* [Your assignment]:
Restate word for word the lines below from the one that has "(4)某温度下,将一定质量的" through the one that has "Freedom House (2025)", keeping both and dropping all pictures.

* [Given entries]:
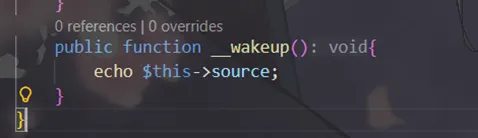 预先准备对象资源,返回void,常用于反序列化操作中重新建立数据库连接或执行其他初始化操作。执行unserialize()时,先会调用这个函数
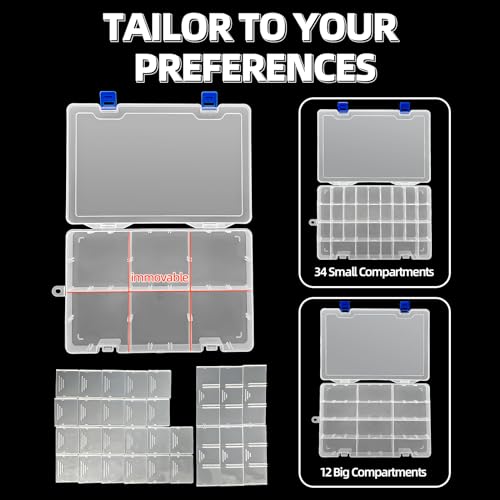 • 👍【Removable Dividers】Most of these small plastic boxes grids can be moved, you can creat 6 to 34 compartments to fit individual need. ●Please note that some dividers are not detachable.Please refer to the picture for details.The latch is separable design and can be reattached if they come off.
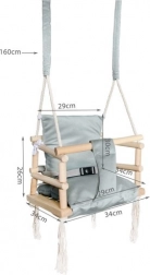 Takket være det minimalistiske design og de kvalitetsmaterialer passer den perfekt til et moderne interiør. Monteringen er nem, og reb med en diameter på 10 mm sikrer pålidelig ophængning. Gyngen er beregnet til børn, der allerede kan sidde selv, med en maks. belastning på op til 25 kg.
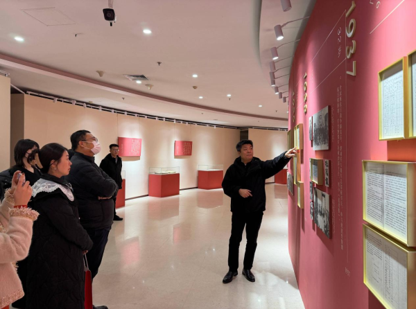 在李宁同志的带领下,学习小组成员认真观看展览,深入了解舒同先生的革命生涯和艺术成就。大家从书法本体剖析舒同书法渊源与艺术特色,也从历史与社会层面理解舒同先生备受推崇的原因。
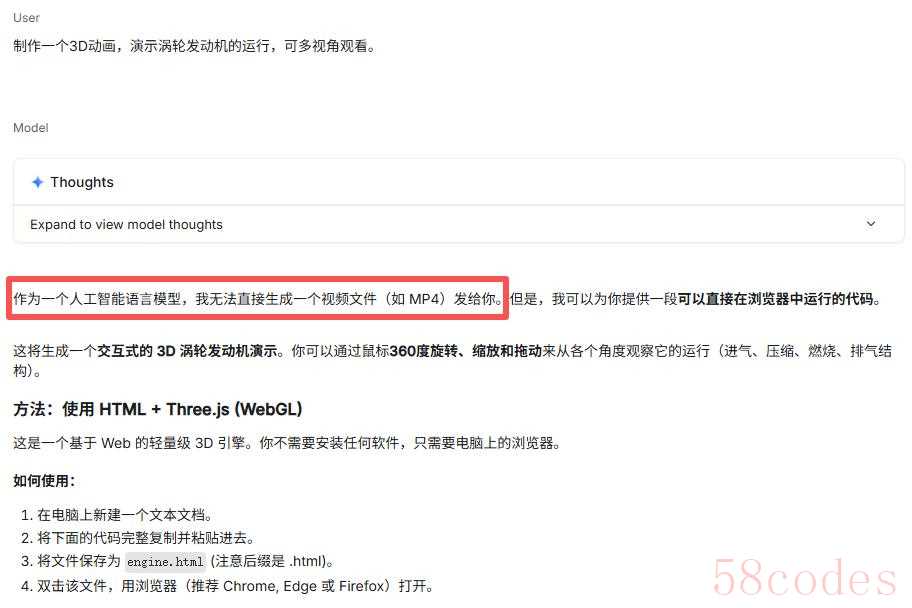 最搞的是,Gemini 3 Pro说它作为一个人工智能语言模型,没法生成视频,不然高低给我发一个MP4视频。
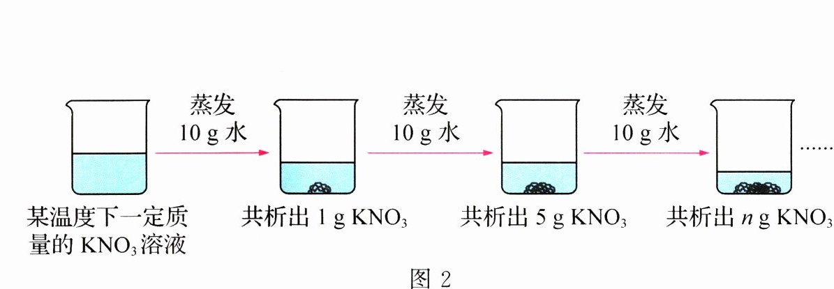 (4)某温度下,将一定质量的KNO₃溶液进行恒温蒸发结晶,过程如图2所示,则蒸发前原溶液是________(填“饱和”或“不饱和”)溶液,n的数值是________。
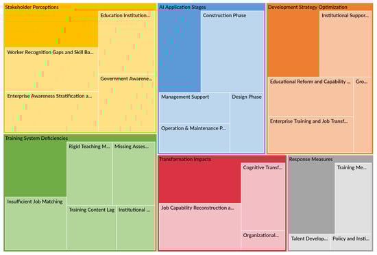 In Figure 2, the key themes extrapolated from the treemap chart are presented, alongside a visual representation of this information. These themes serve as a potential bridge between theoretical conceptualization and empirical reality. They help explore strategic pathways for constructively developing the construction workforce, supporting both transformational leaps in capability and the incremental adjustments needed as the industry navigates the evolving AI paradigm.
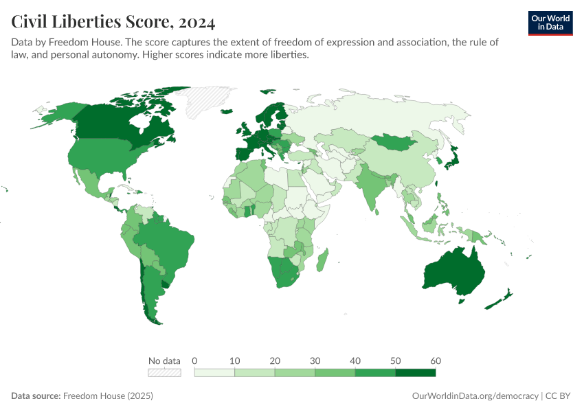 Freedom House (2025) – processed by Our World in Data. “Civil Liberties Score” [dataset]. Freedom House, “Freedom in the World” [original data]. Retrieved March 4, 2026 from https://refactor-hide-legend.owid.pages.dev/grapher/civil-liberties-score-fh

---

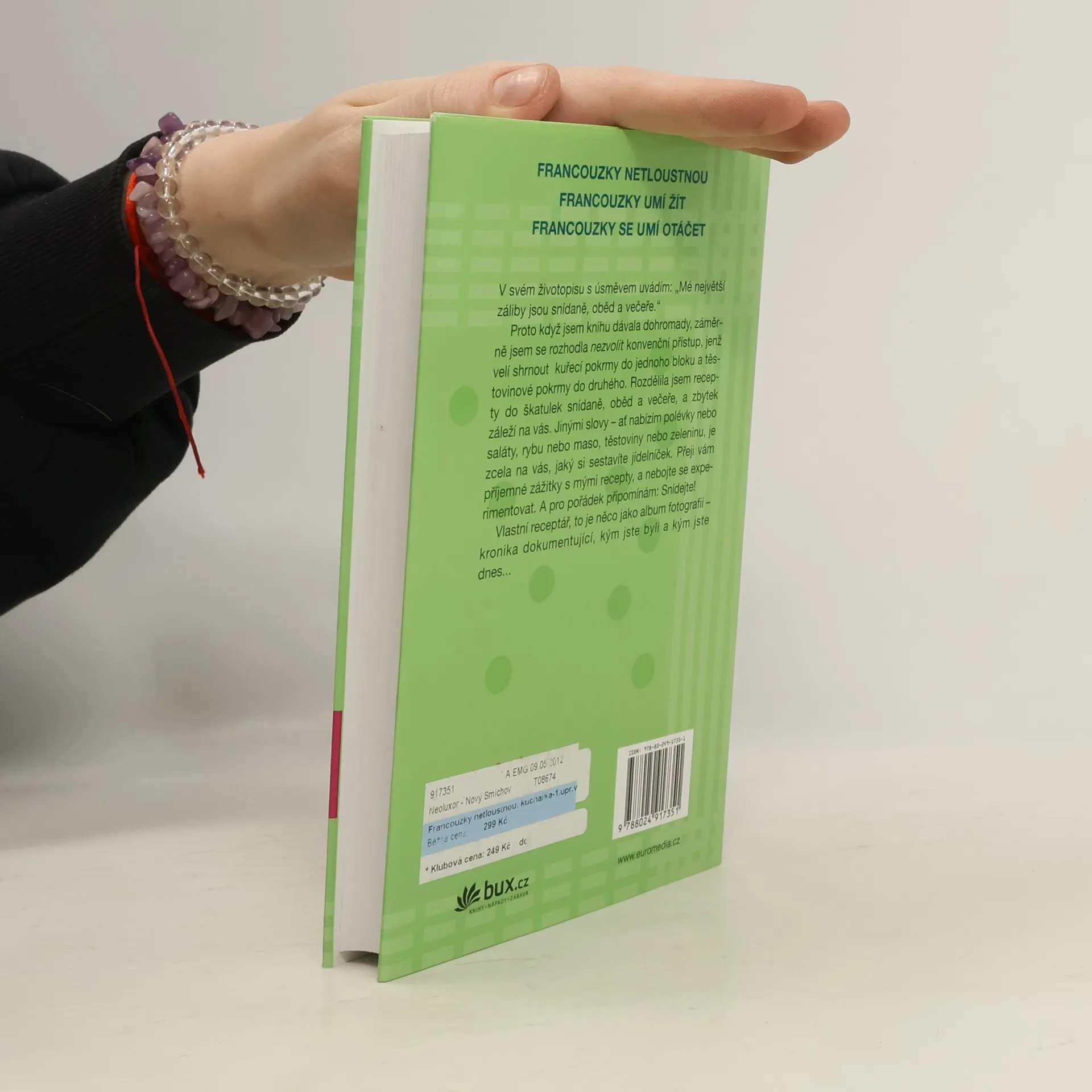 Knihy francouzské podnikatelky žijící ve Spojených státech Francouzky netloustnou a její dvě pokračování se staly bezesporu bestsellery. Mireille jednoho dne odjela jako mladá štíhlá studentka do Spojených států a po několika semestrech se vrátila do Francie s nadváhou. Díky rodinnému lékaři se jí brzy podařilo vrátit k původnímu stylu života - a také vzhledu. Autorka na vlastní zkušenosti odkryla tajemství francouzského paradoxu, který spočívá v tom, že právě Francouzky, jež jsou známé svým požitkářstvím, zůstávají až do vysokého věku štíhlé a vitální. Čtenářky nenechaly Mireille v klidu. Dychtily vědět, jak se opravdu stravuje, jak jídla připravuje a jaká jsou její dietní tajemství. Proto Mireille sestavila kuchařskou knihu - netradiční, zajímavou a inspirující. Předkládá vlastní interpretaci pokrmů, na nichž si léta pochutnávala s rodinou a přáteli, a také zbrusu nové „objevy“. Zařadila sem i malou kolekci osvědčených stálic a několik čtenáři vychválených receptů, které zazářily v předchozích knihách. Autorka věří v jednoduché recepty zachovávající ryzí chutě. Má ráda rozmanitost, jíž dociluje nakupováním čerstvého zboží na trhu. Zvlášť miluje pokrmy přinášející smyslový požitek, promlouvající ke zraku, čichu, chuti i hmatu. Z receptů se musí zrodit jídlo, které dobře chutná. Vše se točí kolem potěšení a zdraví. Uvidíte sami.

--

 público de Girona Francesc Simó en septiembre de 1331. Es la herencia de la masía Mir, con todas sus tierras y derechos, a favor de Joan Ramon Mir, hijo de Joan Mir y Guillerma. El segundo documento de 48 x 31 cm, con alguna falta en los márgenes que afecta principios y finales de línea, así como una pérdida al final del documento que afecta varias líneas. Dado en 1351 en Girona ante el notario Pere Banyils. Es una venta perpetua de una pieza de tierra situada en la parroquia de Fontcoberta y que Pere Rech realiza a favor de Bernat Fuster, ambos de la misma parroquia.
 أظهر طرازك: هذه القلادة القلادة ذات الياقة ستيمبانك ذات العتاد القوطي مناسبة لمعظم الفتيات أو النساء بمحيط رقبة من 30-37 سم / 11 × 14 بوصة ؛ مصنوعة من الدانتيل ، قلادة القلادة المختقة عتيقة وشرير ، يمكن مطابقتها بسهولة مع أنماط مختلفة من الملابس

* [Finished task]:
 (4)某温度下,将一定质量的KNO₃溶液进行恒温蒸发结晶,过程如图2所示,则蒸发前原溶液是________(填“饱和”或“不饱和”)溶液,n的数值是________。
 In Figure 2, the key themes extrapolated from the treemap chart are presented, alongside a visual representation of this information. These themes serve as a potential bridge between theoretical conceptualization and empirical reality. They help explore strategic pathways for constructively developing the construction workforce, supporting both transformational leaps in capability and the incremental adjustments needed as the industry navigates the evolving AI paradigm.
 Freedom House (2025) – processed by Our World in Data. “Civil Liberties Score” [dataset]. Freedom House, “Freedom in the World” [original data]. Retrieved March 4, 2026 from https://refactor-hide-legend.owid.pages.dev/grapher/civil-liberties-score-fh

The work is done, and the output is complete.